What is best way to convert time series data (parquet format) into sequences using petastorm?

396 views Asked by At

Pardon me if use the terms in the wrong sense. I am still grappling with many spark and distributed related things.

Here is my use case and I am not able to get a complete picture of the implementation.

I have time-series data of 40 columns and 100 timesteps saved in parquet format.

I learned that to do distributed training on big data we can use petastorm for data injection and Horovod for training. But it is unclear to me how the data needs to be partitioned (one partition per ID? what row groups are?) and how to convert the data to sequences that LSTM expects?

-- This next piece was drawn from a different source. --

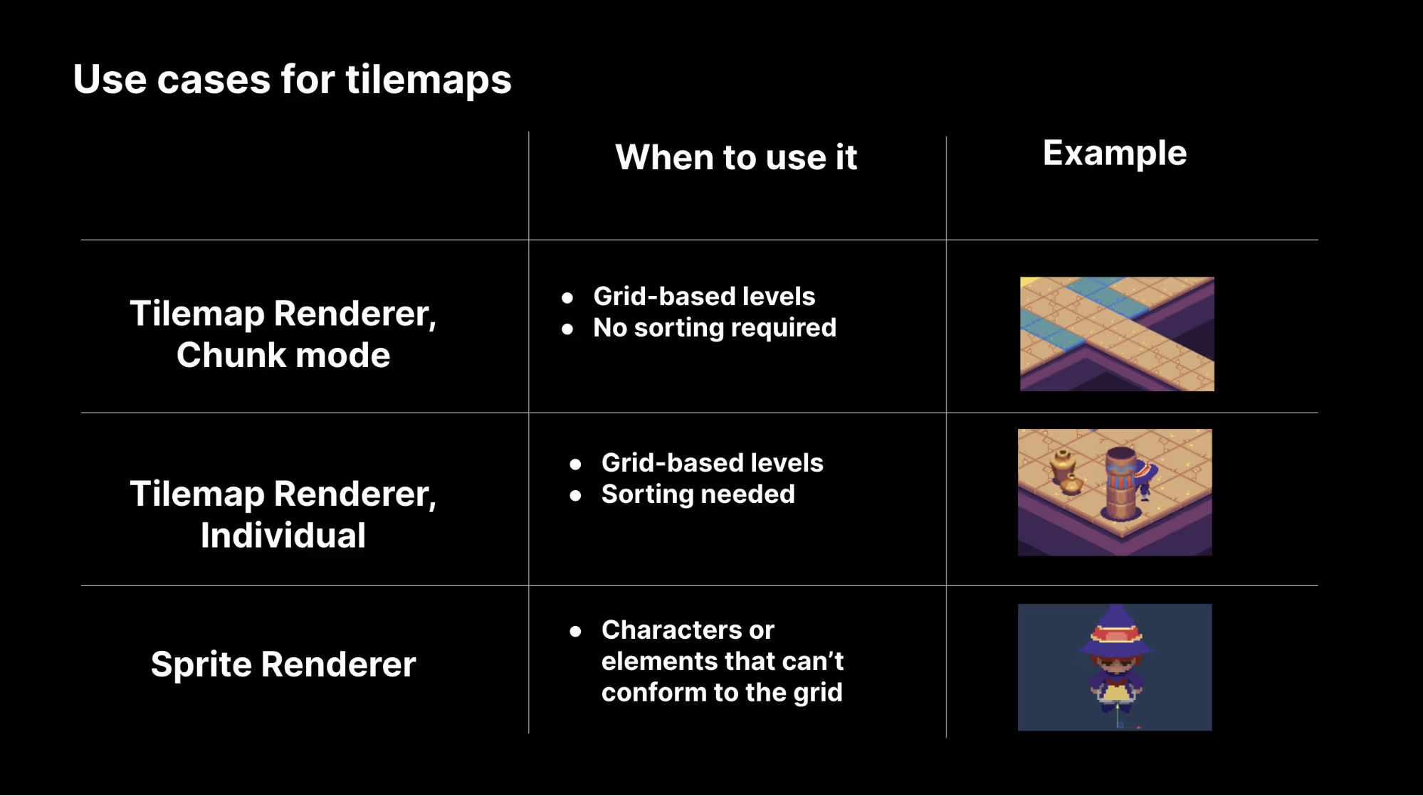 - 단일 레이어로 고정된 맵이나 소팅이 거의 필요 없는 레벨 아트에 적합합니다.

Any pointers in this direction will be of great help. Thanks!

1

There are 1 answers

0
mirko On

I can think of 2 ways to load time series data using petastorm. The first is to group by the id column and then aggregate the features into an array using e.g. the sql function collect_list (make sure that the arrays are sorted by time). This will give you a table that looks something like this.

id  |         time         |      feature_1       |
---------------------------------------------------
1   | [t11, t12, t13, ...] | [f11, f12, f13, ...] |
2   | [t21, t22, t23, ...] | [f21, f22, f23, ...] |

When you save the data like this you should not need to worry about parquet row groups because each row contains all the data for exactly one time series.

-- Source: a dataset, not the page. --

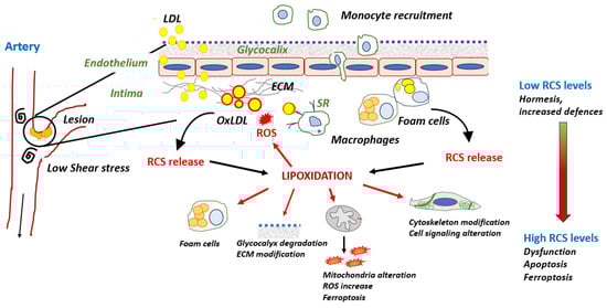 This review is focused on protein lipoxidation in the vascular wall and its implication in atherogenesis, and to a lesser extent, in advanced plaques. To better understand how and when RCS contribute to these processes, the following section briefly summarizes the different stages of atherosclerosis, with the role of RCS being developed subsequently.

The other option is to use n-grams in order to load the unaggregated data. N-grams allow you to load rows in a specific order. There are some examples of this in the petastorm API docs under petastorm.ngram.NGram. Note that if you follow this approach you need to worry about parquet row groups because n-grams don not span row groups (see the example described in the API docs). I am not sure if partitioning by e.g. id will always ensure that all the data for one time series is in one row group. You may also need to set the size of the row group to some value that depends on the size of your time series.